I was trying to port my code in GCN 1.0/1.1 into GCN 1.2 and just realized that the ADDR64 specifier is not allowed for MUBUF instructions in GCN 1.2. Is there a simple way to rewrite MUBUF instructions like this one in GCN 1.2?
buffer_load_dword v4, v[44:45], s[32:35], 0 addr64
What I ended up doing was to rewrite a section of the code that contains the MUBUF instruction in question.
Example:
/* with addr64 */
v_add_i32 v44, vcc, s4, v44
v_mov_b32 v46, s5
v_addc_u32 v45, vcc, v46, v45, vcc
buffer_load_dword v4, v[44:45], s[32:35], 0 addr64
/* without addr64 */
v_mov_b32 v126, v44
s_add_i32 s76, s32, s4
s_addc_u32 s77, s33, s5
s_mov_b64 s[78:79], s[34:35]
v_add_i32 v44, vcc, s4, v44
v_mov_b32 v46, s5
v_addc_u32 v45, vcc, v46, v45, vcc
buffer_load_dword v4, v126, s[76:79], 0 offen
Altough the code runs fine, this solution feels rather hackish.

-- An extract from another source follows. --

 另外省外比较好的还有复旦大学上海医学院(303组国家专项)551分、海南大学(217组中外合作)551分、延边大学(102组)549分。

If somebody could share a better solution, I would really appreciate.
What about bit #21 of the second MUBUF instruction DWORD? It is unused on all GCN versions. Maybe they put the ADR64 bit there on GCN1.2...

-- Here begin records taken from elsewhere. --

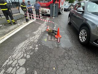 Rischia di collassare la strada che dal piazzale dell’ospedale sale verso via Novara, appena prima dell’entrata del punto di primo soccorso al Madonna del Popolo.
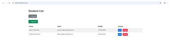 Appendix B.3. Students’ Enrollments in Courses Listing Page
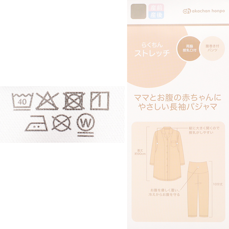 やわらかで着心地がよく、気持ちいい素材のマタニティパジャマ。 ストレッチ性もあり、体の動きに合わせて快適フィット。大きく開く授乳口付きで授乳が楽ちん。 パンツはおなかをすっぽり包むウエスト仕様。めくれても、おなかを冷やさない腹巻付き。 腹巻部分には穿き心地、肌触りの良いストレッチの効いたニット素材を使用。 スナップボタン不使用、脇部分のスリットタイプ授乳口なので授乳もしやすく、見た目もすっきり。
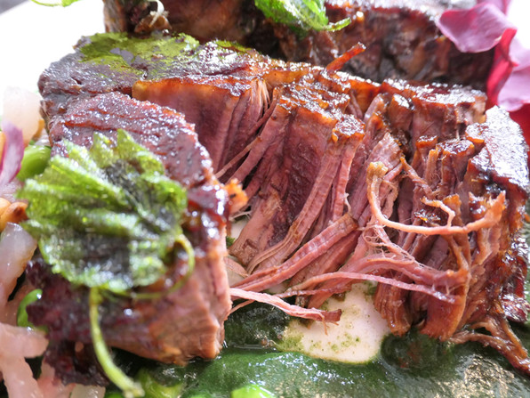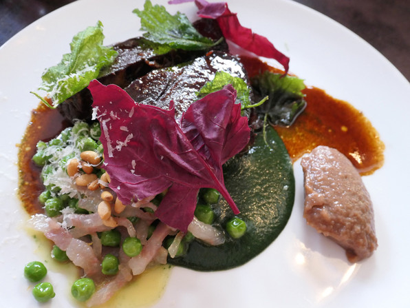 ●メイン料理にメニュー上から3番めのブフブレゼ、ほぐほぐの牛肉に、合わせてあるもの、のせてあるもの、全部全部、瞠目のおいしさと思いました。センスがいいの、塩加減も上品なの、いちいちジャストで旨いの\(^o^)/\(^o^)/

I wish AMD had kept 64-bit addressing in MUBUF instructions like that... What I see in disassembled codes for GCN 1.2 is that drivers generate FLAT_* instructions instead of MUBUF instructions. On a related note, I just hope future AMD drivers would be compatible with 32-bit OpenCL binaries as 32-bit addressing makes things a whole lot simpler.